Problem details: Would you output the lines from the one containing "Medidas do aparelho" through the final line of the entries, exactly and with pictures omitted?

Record extracts:
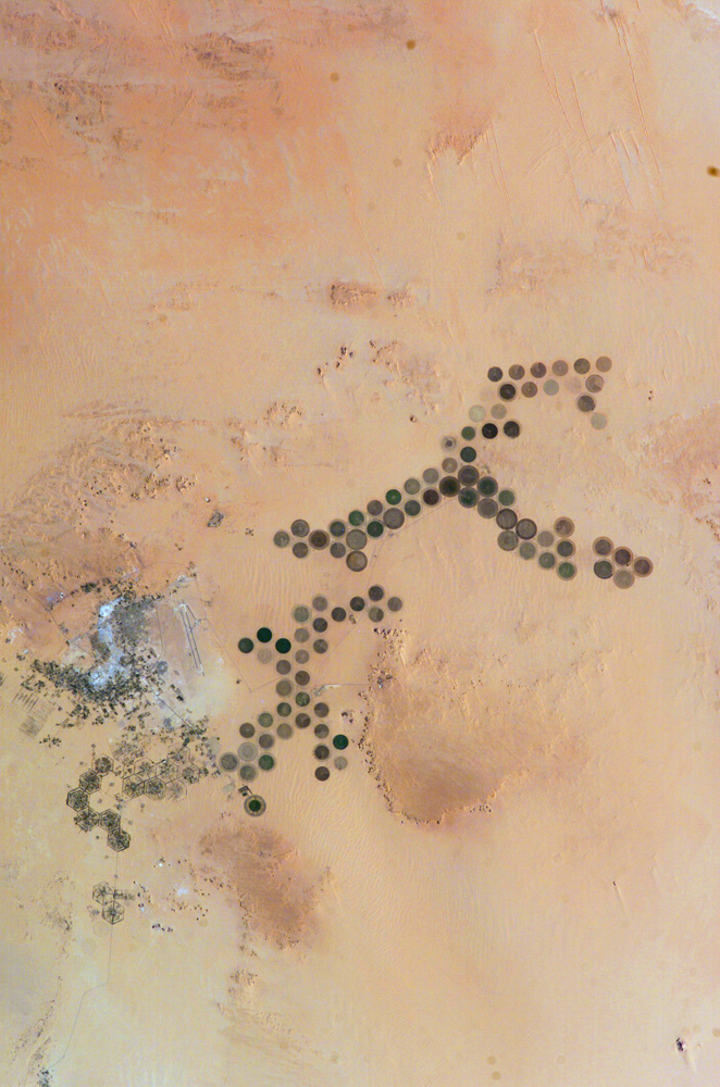 The Al Khufrah Oasis in southeastern Libya, near the Egyptian border (photo above is from 2004), is one of the country’s largest agricultural developments and a distinct geometric landmark of pivot irrigation is easily spotted by astronauts aboard the International Space Station. Since only about 2 percent of Libya’s land receives enough rainfall for farming, the project relies entirely on fossil water pumped from a deep underground aquifer. In tandem, the Libyan government launched the Great Man-Made River project to transport these groundwater reserves to the coast to support population growth and industrial expansion.
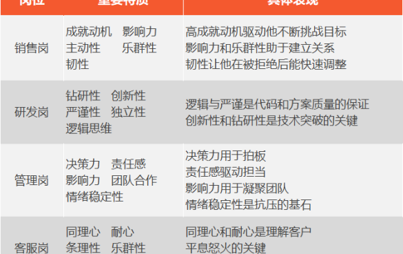没有完美的人格,只有合适的岗位。在阅读报告前,我们可以根据岗位核心胜任力模型,明确这个岗位最需要哪些核心特质,选择3-4个,然后带着问题去报告中寻找答案。
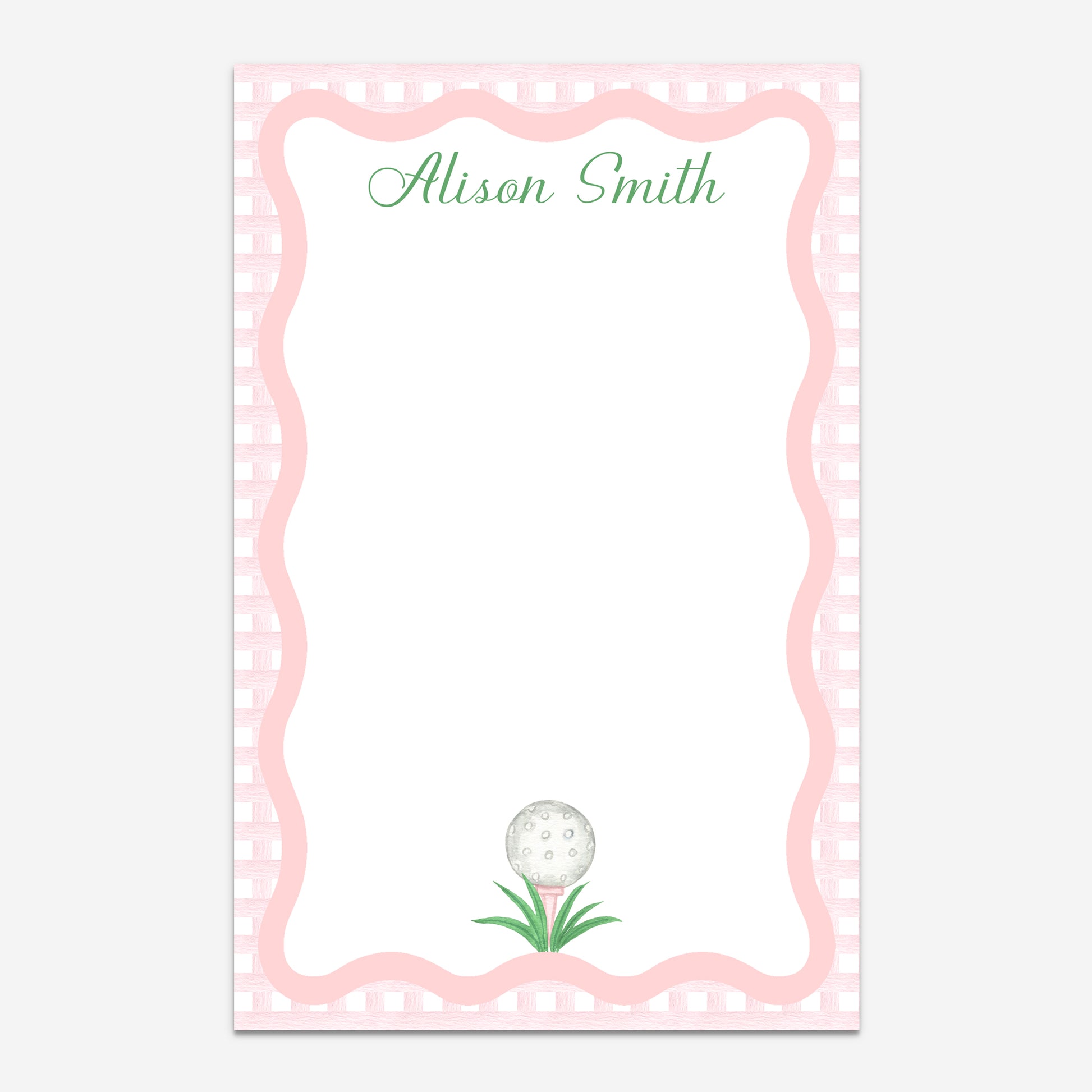 Perfect for the stylish golfer, this personalized notepad features a classic golf ball on a tee paired with a pink gingham border and wavy trim. Whether jotting down reminders or writing a sweet note, this notepad adds a fun, feminine flair to your daily to-dos.
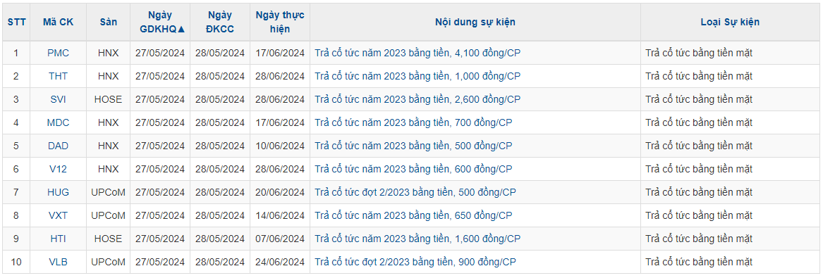 Lịch sự kiện một số doanh nghiệp niêm yết tuần này
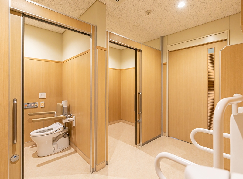 館内は段差を極力なくし、広い廊下や手すりの設置など、安全に移動できるバリアフリー設計です。車椅子がすれ違えるゆとりある構造により、身体の状態に合わせて無理なく過ごせる環境が整っています。誰にとっても使いやすく、安心して暮らしを続けられる施設づくりを大切にしています。
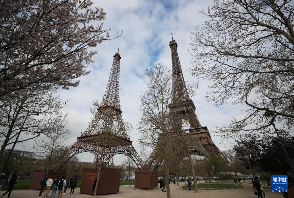 这是4月3日在法国巴黎拍摄的埃菲尔铁塔(后)和“小埃菲尔铁塔”。
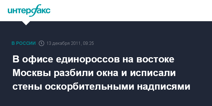 "Накануне в полицию района Новогиреево обратился представитель райисполкома "Единой России", который сообщил, что неизвестные разбили три окна в офисе партии на Зеленом проспекте, д.64, и нанесли черной краской на стене надписи оскорбительного содержания", - сказал собеседник агентства.
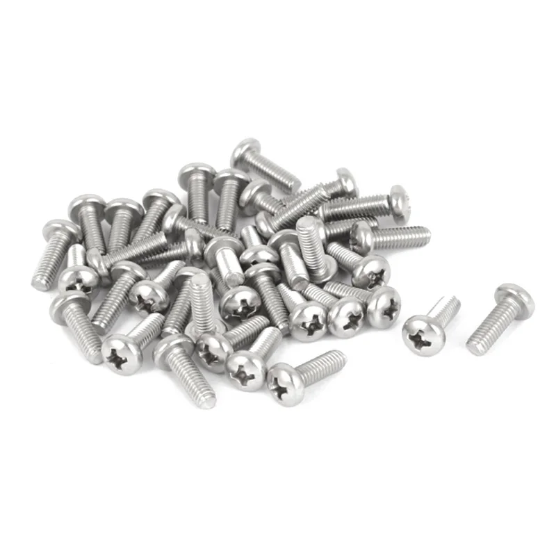60pcs M2 x 4mm 304 Stainless Steel Phillips Round Head Screws Bolt
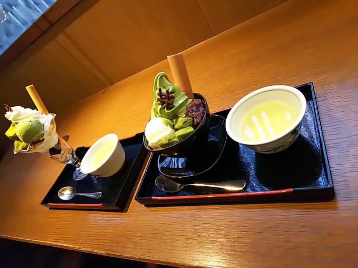 錦市場行って卵焼き買って、いつもの店でご飯食べて…抹茶パフェ食べて。
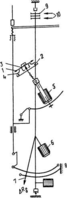При изменении азимута магнитная стрелка пружинными контактами 4 закорачивает часть реохорда. Сопротивление незамкнутой части
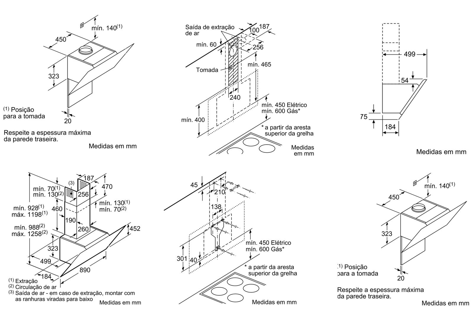 Medidas do aparelho em recirculação de ar sem chaminé (AxLxP): 452 mm x 890 x 499 mm
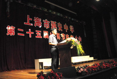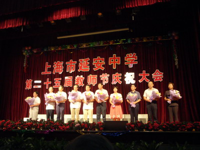郭雄校長(zhǎng)圍繞 “弘揚(yáng)延安精神,夯實(shí)師德基石”這一主題首先作了熱情洋溢的發(fā)言,并代表學(xué)校向所有教育工作者們致以了親切的問(wèn)候和誠(chéng)摯的祝福。接著四位學(xué)生代表飽含深情地朗誦了詩(shī)歌《獻(xiàn)給老師的歌》,隨后主持工作的黨委副書(shū)記馬越同志宣布了榮獲市、區(qū)模范教師和園丁獎(jiǎng)等稱(chēng)號(hào)的教工名單,學(xué)生代表向2009年的獲獎(jiǎng)?wù)撸喝f(wàn)技偉、周海寧、郭雄、劉定爽、楊可夫、王文東、朱才龍、范欽溕、夏靜松、殷世勝十位老師獻(xiàn)上了美麗的鮮花。胡楨佳和封一帆兩位同學(xué)還分別上臺(tái)介紹了榮獲上海市“優(yōu)秀班主任”、“模范教師”稱(chēng)號(hào)的萬(wàn)技偉老師和獲長(zhǎng)寧區(qū)“模范教師”稱(chēng)號(hào)、長(zhǎng)寧區(qū)園丁獎(jiǎng)稱(chēng)號(hào)的周海寧老師的優(yōu)秀事跡。兩位主持人也輪番介紹了榮獲市、區(qū)園丁獎(jiǎng)等稱(chēng)號(hào)的八位老師的優(yōu)秀事跡。

Solution to this task:
 Medidas do aparelho em recirculação de ar sem chaminé (AxLxP): 452 mm x 890 x 499 mm
郭雄校長(zhǎng)圍繞 “弘揚(yáng)延安精神,夯實(shí)師德基石”這一主題首先作了熱情洋溢的發(fā)言,并代表學(xué)校向所有教育工作者們致以了親切的問(wèn)候和誠(chéng)摯的祝福。接著四位學(xué)生代表飽含深情地朗誦了詩(shī)歌《獻(xiàn)給老師的歌》,隨后主持工作的黨委副書(shū)記馬越同志宣布了榮獲市、區(qū)模范教師和園丁獎(jiǎng)等稱(chēng)號(hào)的教工名單,學(xué)生代表向2009年的獲獎(jiǎng)?wù)撸喝f(wàn)技偉、周海寧、郭雄、劉定爽、楊可夫、王文東、朱才龍、范欽溕、夏靜松、殷世勝十位老師獻(xiàn)上了美麗的鮮花。胡楨佳和封一帆兩位同學(xué)還分別上臺(tái)介紹了榮獲上海市“優(yōu)秀班主任”、“模范教師”稱(chēng)號(hào)的萬(wàn)技偉老師和獲長(zhǎng)寧區(qū)“模范教師”稱(chēng)號(hào)、長(zhǎng)寧區(qū)園丁獎(jiǎng)稱(chēng)號(hào)的周海寧老師的優(yōu)秀事跡。兩位主持人也輪番介紹了榮獲市、區(qū)園丁獎(jiǎng)等稱(chēng)號(hào)的八位老師的優(yōu)秀事跡。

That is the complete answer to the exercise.